EXERCISE DETAILS — Extract only the lines running from the top of the entries to the line that holds "A quick scan". Include that line and omit the pictures.

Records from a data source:
# # # # #
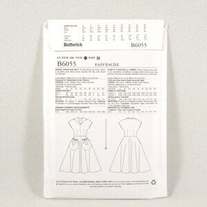 This is Butterick pattern B6055, a Retro '56 Fit and Flare Butterick sewing pattern, for a Women's fitted bodice dress with a side zipper, pockets and self belt. It is factory folded, complete with instructions. Please see the photos for envelope details.
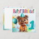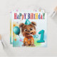 Söt Terrier i kalashatt med horn, firar en födelsedag.
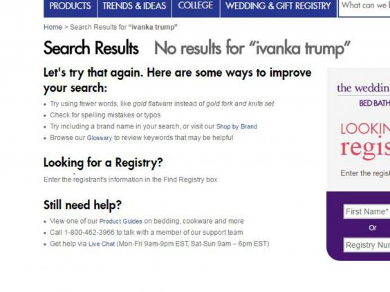 A quick scan of the company’s website found that searching “Ivanka Trump” in “All Departments” yielded no results.
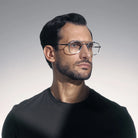 Calisto Eyeglasses by Akoni™. The aviator shape design feature a full rim titanium frame. This model is available in three different color combinations and sizes. This eyewear model embodies a sense of youthful energy and creativity. With its clean lines and sleek profile, Calisto is a modern choice for those who appreciate simplicity with a contemporary twist. The design showcases a harmonious balance between form and function, ensuring a comfortable and secure fit. It's a versatile accessory that can easily adapt to your unique style, whether you're dressing up for a special occasion or going for a relaxed, everyday look. With this eyewear model, you can make a subtle fashion statement that speaks volumes about your personal taste.
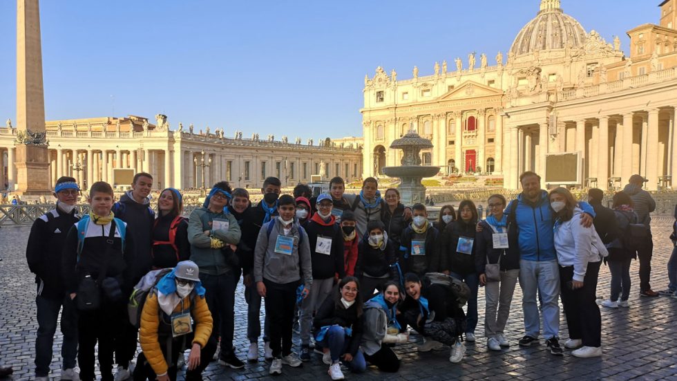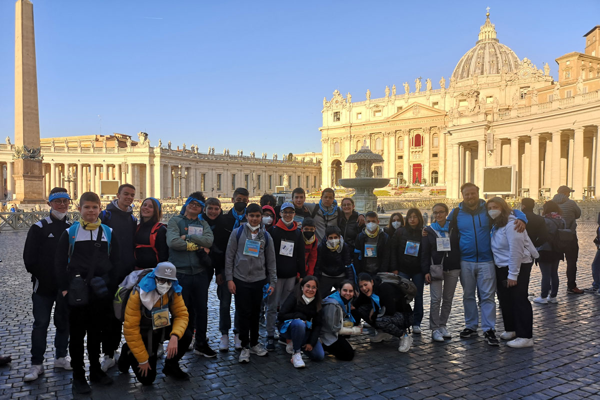 Un gruppo di ragazzi davanti alla Basilica
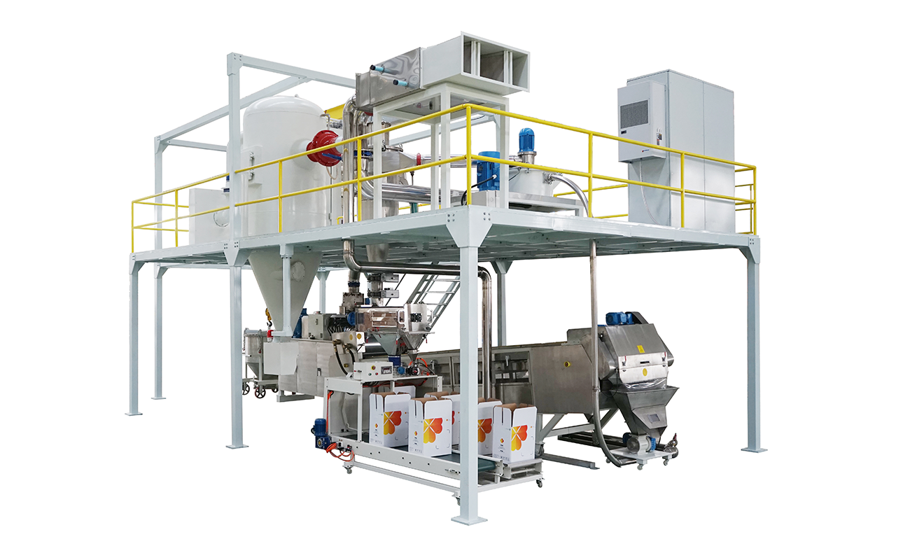 型號 產量(kg/h) 占地面積(sq.m.) 操作工人 噪音、污染
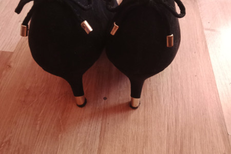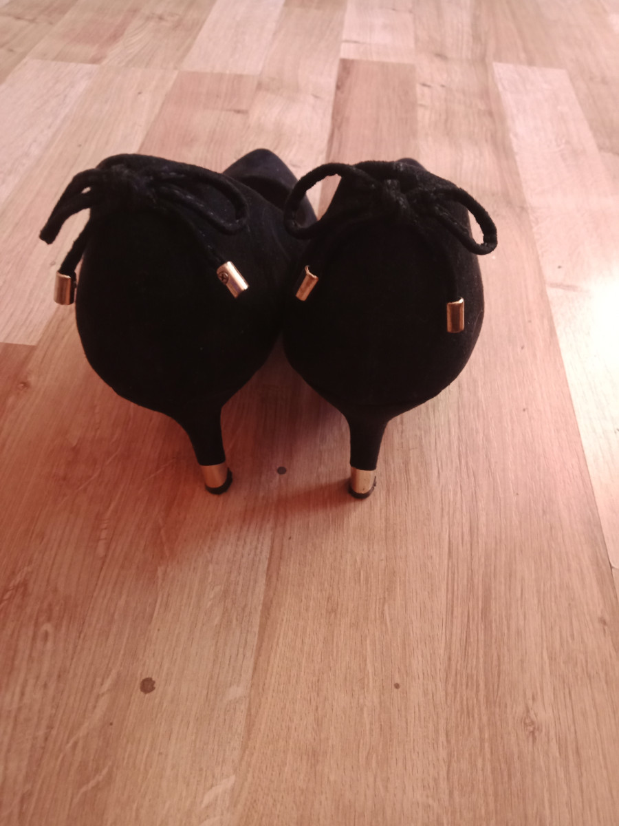 Czarne zamszowe szpilki.Jenny Fairy.Stan bardzo dobry.Z tyłu ozdobna kokardka,fleczek w kolorze złota.
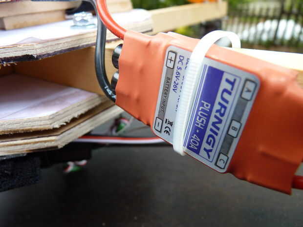 Para cada brazo, sujete la ESC al motor. El orden no importa en este momento, pero quizás tenga que cambiarlos cuando usted está configurando el controlador de vuelo. Fije los CES al brazo con ataduras de cremallera.
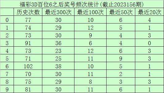 百位杀号:上期百位开出号码6,历史上百位号码6已开出788次了,最近100次百位号码6出现之后,其下期各号码频次分别为:号码1、4出现12次,5、7、9出现11次,0、6出现10次,2出现9次,8出现8次,3出现6次。
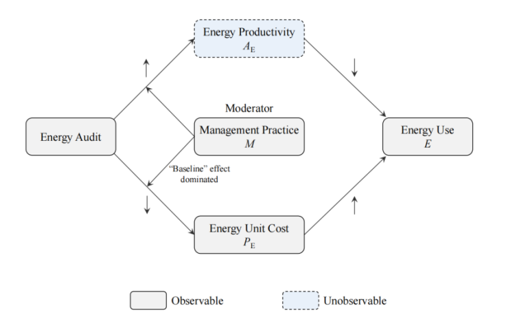 图1.能源审计干预的潜在结果及管理实践的作用
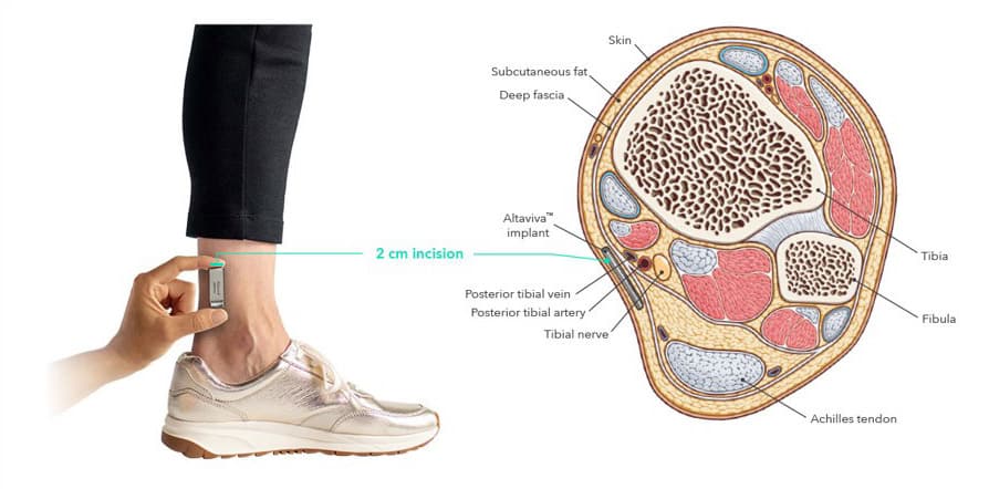 The Altaviva device dispatches gentle electrical pulses to the tibial nerve and then the brain through this communication pathway. These pulses help restore communication between the bladder and the brain, with the aim of reducing sudden urges to urinate and leaks.
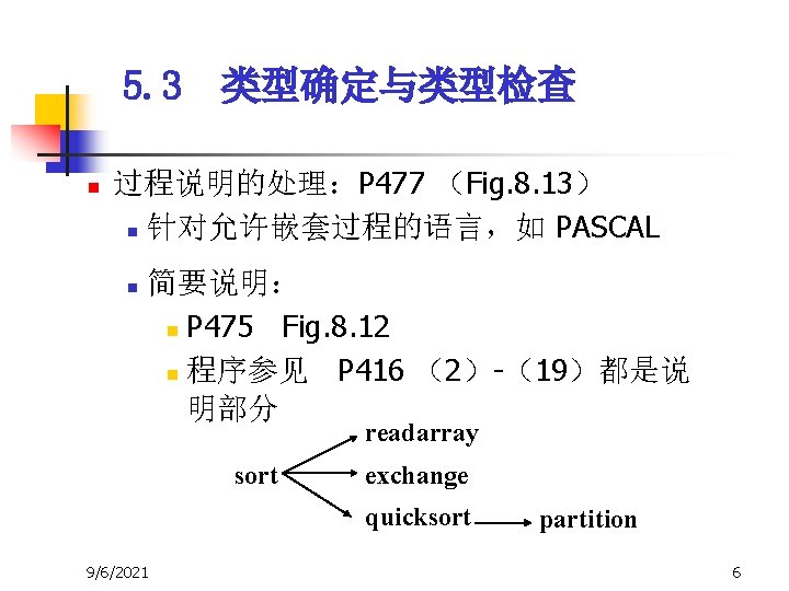 5. 3 类型确定与类型检查 n P 477 (Fig. 8. 13) n n n 9/6/2021 此翻译模式只是一种解决方案 语义过程 mktable,enter,addwidth, enterproc 栈 tblptr,offset 7
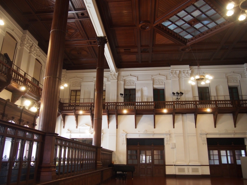 重厚な扉を押して中に入るとすぐにあるのが、高い天井に広々とした営業室です。明治にこの地に来てから、1965年に移転するまでここで営業されていたそうです。現在はホールとしてイベントなどに使用されています。
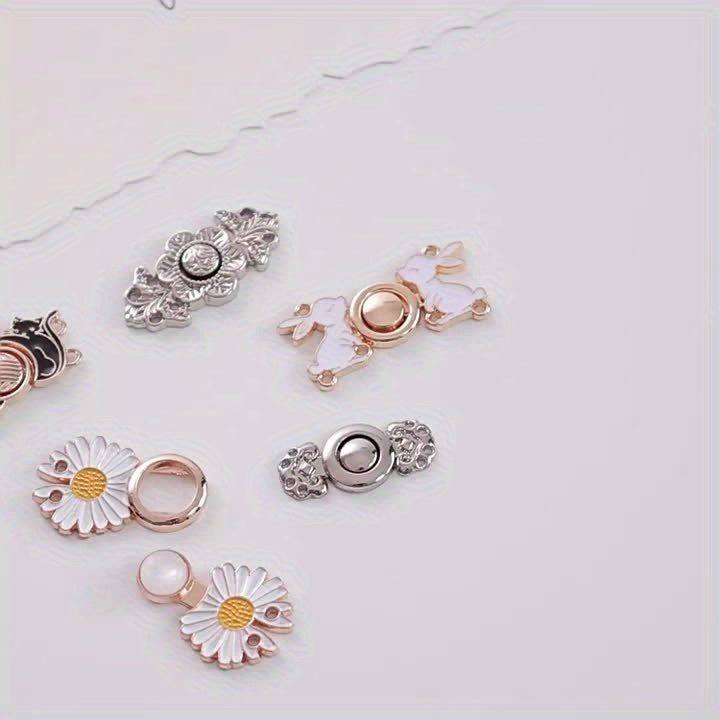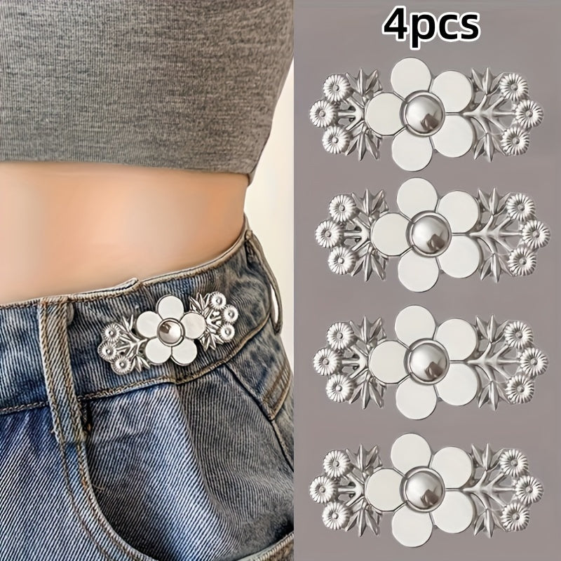 Enhance the fit of your pants instantly with this 4-piece set of floral pattern denim waist tighteners. Featuring seamless metal pant waist adjusters with detachable denim buckles.
# # # # #
THE ANSWER —
 This is Butterick pattern B6055, a Retro '56 Fit and Flare Butterick sewing pattern, for a Women's fitted bodice dress with a side zipper, pockets and self belt. It is factory folded, complete with instructions. Please see the photos for envelope details.
 Söt Terrier i kalashatt med horn, firar en födelsedag.
 A quick scan of the company’s website found that searching “Ivanka Trump” in “All Departments” yielded no results.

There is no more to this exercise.